Assume SHARED1 references NLog v1.0 (commit/rev abc in mercurial) and SHARED2 references Nlog v2.0 (commit/rev xyz in mercurial). If Bob is absorbing these two components in PROD1, he should be be made aware of this discrepancy. While technically Visual Studio/.NET would allow 2 assemblies to reference different versions of dependencies, my structure does not allow this because the path to NLog is fixed for all .NET projects that depend on NLog. How can Bob know that two of his dependencies have version conflicts?
If Bob is setting up the repository structure for PROD1 and wants to include SHARED2, how can he know what dependencies are required for SHARED2? With my structure, he would have to manually clone (or browse on the server) the SHARED2_SLN repo and either look in the libs folder, or peak at the .hgsub file to determine what dependencies he needs to include. Ideally this would be automated. If I include SHARED2 in my product, SHARED1 and NLog are auto-magically included too, notifying me if there is version conflict with some other dependency (see question 2 above).

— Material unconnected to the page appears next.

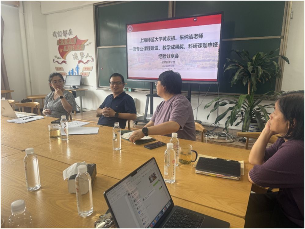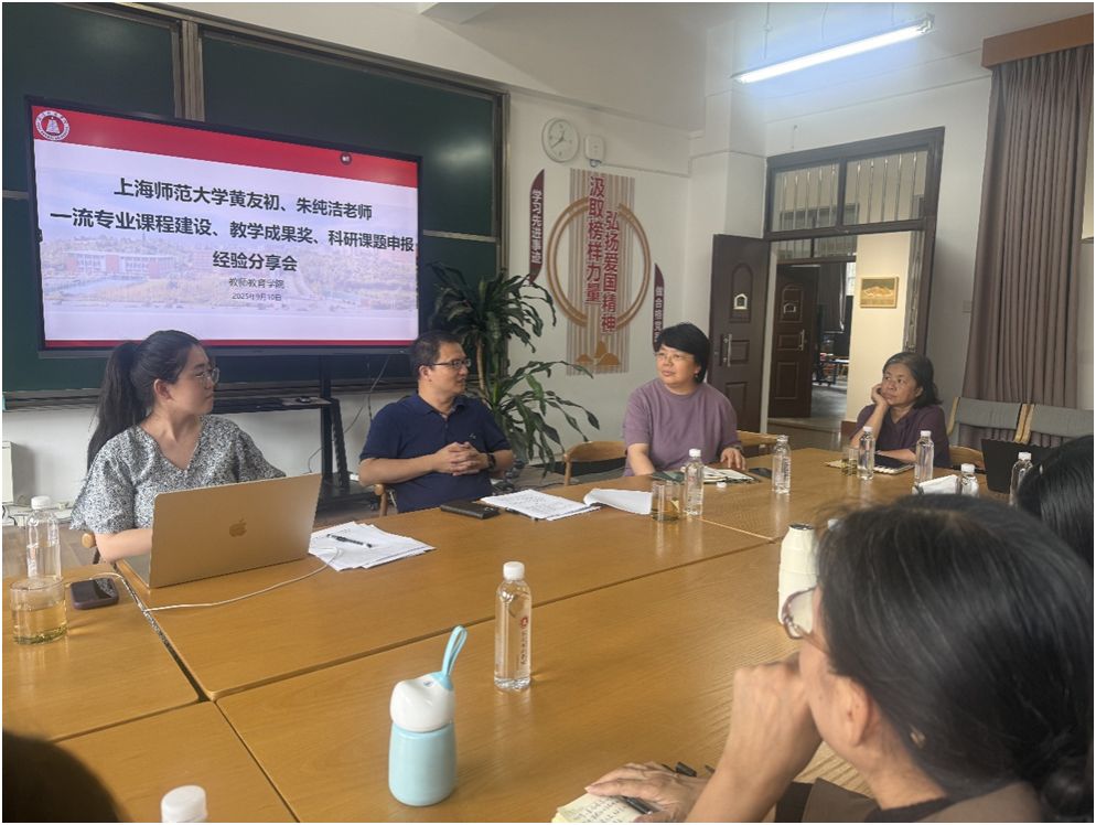 2025年9月10日15:00,在12教303会议室开展一流课程建设、教学成果奖或科研课题申报经验分享会。在课程建设方面,黄友初教授就一流课程的建设、教学成果奖的申报以及科研课题的经验进行了分享,并着重强调了资料素材的积累、师资团队的建设以及教学模式的构建,同时突出了课程的独特亮点和内容结构的重要性。朱纯洁副教授认为,课程建设应提前进行整体规划,提前编写教材、组建团队,并建议从校级到市级逐级进行申报,同时要注重在线资源的建设。在科研课题申报方面,两位专家一致认为,课题的选择应具有吸引力和研究价值,强调了成果积累和文本质量的重要性。教师教育学院的老师们与两位专家就相关议题进行了深入的交流。

Is mercurial the correct solution?
Is there a better mercurial structure?
Is this a valid use for subrepos (i.e. Mercurial developers marked subrepos as a feature of last resort)?
Does it make sense to use mercurial for dependency management? We could use yet another tool for dependency management (maybe an internal NuGet feed?). While this would work well for 3rd party dependencies, it really would create a hassle for internally developed components (i.e. if they are actively developed, developers would have to constantly update the feed, we would have to serve them internally, and it would not allow components to be modified by a consuming project (Note 8 and Question 2).
Do you have better a solution for Enterprise .NET software projects?
I have read several SO questions and found this one to be helpful, but the accepted answer suggests using a dedicated tool for dependencies. While I like the features of such a tool it does not allowed for dependencies to be modified and committed from a consuming project (see Bigger Question 4).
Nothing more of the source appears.